Totals are now as follows:
- Subfamily – 1 accepted
- Genus – 14 accepted, 50 synonyms
- Species – 819 accepted, 392 synonyms
- Infraspecific taxa – 1 accepted, 7 synonyms
About five genera and around a dozen other species that were under Elachistidae in LepIndex previously have been moved to other families in the Lepidoptera. Many of these cases are discussed by Kaila, although a few represent highly outdated placements in the NHM catalogue that were apparently not even considered worth discussing. Many small genera have been synonymised into Elachista, Perittia or Stephensia.
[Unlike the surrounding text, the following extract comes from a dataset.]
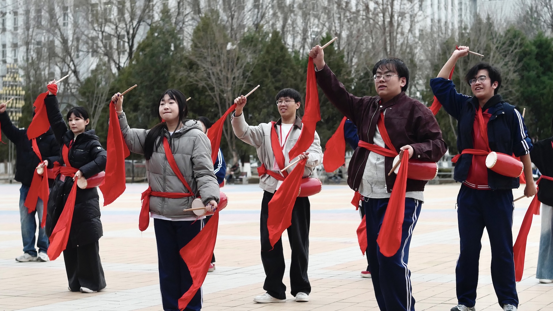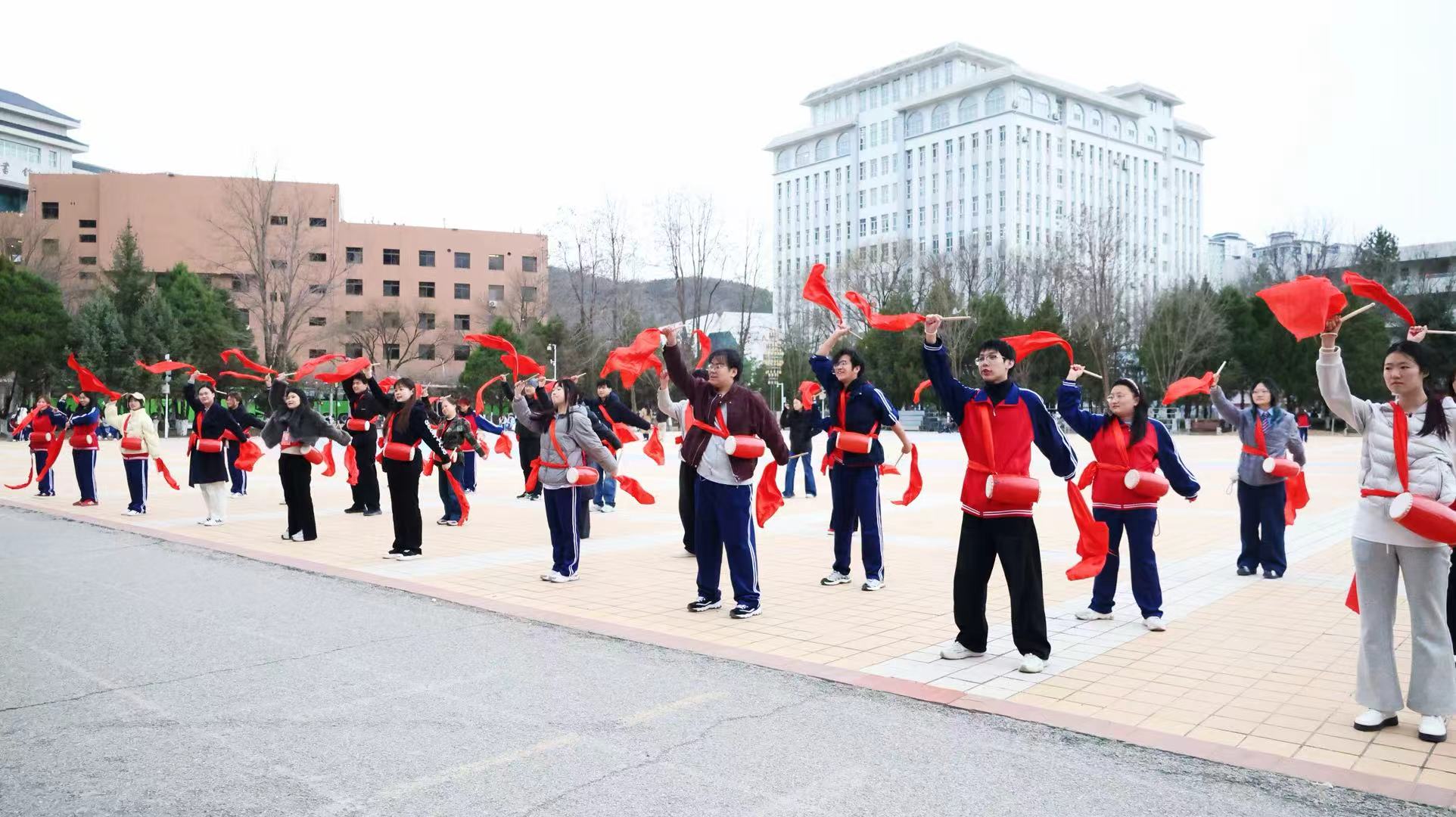 鼓点震天,红绸飞扬,在延安大学窑洞广场上,师生们沉浸式体验了国家级非物质文化遗产——陕北腰鼓。在专业老师的指导下,从基本步伐到节奏韵律,同学们手持红绸鼓槌,腾跃、击鼓,动作整齐划一,气势恢宏。震天的鼓声与飞扬的红绸,不仅展现了黄土文化的磅礴生命力,更激扬出新时代青年的自信与豪情。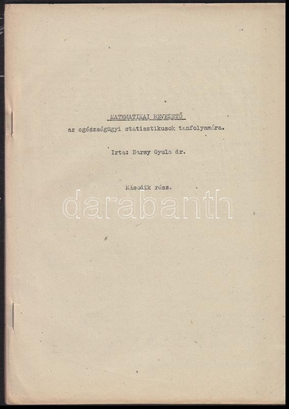 1953 2db kéziratos Egészségügyi Statisztikai jegyzet az egészségügyi statisztikusok tanfolyamáról

Four fossil genera are not treated by Kaila but are retained from LepIndex.
I fixed multiple misspellings that occurred in LepIndex either because information on the index cards was incorrect or during transcription into digital format. Despite the scale of the publication, I found no obvious misspellings in Kaila 2019.
Based on these raw numbers, it is clear that LepIndex lacked around 50% of the currently expected number of accepted species for the family and that many synonyms were also missing. The actual situation was even more serious than this appears, because many names were accepted by LepIndex are now considered synonyms, and vice versa.
Here is a summary of results from the largest genus, Elachista. LepIndex had 355 names associated with 327 accepted species in this genus, whereas GLI has 1,046 names for 716 accepted species.
Just 183 (56% of 327) accepted names in LepIndex exactly matched the spelling, authorship and status, and only 9 (32% of 28) synonyms exactly matched the spelling, authorship, status and accepted name offered by GLI. If variation in authorship (mostly missing years and/or parentheses) is ignored, these totals rise to 200 accepted names and 12 synonyms that match the expected species.
81 (25%) of the names accepted for Elachista species by LepIndex are now considered synonyms for other species in the genus. 36 accepted names (11%) now refer to species outside this genus.
6 (21%) of the LepIndex synonyms in this genus are now treated as synonyms for different species
In other words, of the 365 names that LepIndex associated with species in the genus Elachista, even ignoring issues with authorship strings, just 212 (58%) directed users to the currently accepted name for a species.
Reviewing this not from the perspective of what the taxonomic community knows and what names are actually in circulation for species in the genus Elachista (again ignoring issues with authorship):
- Nearly 70% (507 of 716) of the currently accepted species names in Elachista were unknown to LepIndex/COL/GBIF a year ago
- 78% (815 of 1,045) of the names now in TaxonWorks for Elachista species were unknown or incorrectly handled a year ago
Elachistinae forms perhaps 0.3-0.4% of the total described Lepidoptera fauna, so these corrections are only a small step towards delivering a comprehensive and reliable catalogue for world Lepidoptera. This subfamily now joins Nepticuloidea, Gracillariidae, Gelechiidae, Lecithoceridae, Alucitidae, Pterophoridae, and Tortricidae as groups that are in good condition in the COL Checklist. Preparations are well under way to bring in some other major family-rank datasets that have been prepared over many years by dedicated groups of taxonomists. Both Geometridae and Bombycoidea are likely to be replaced in the next few months.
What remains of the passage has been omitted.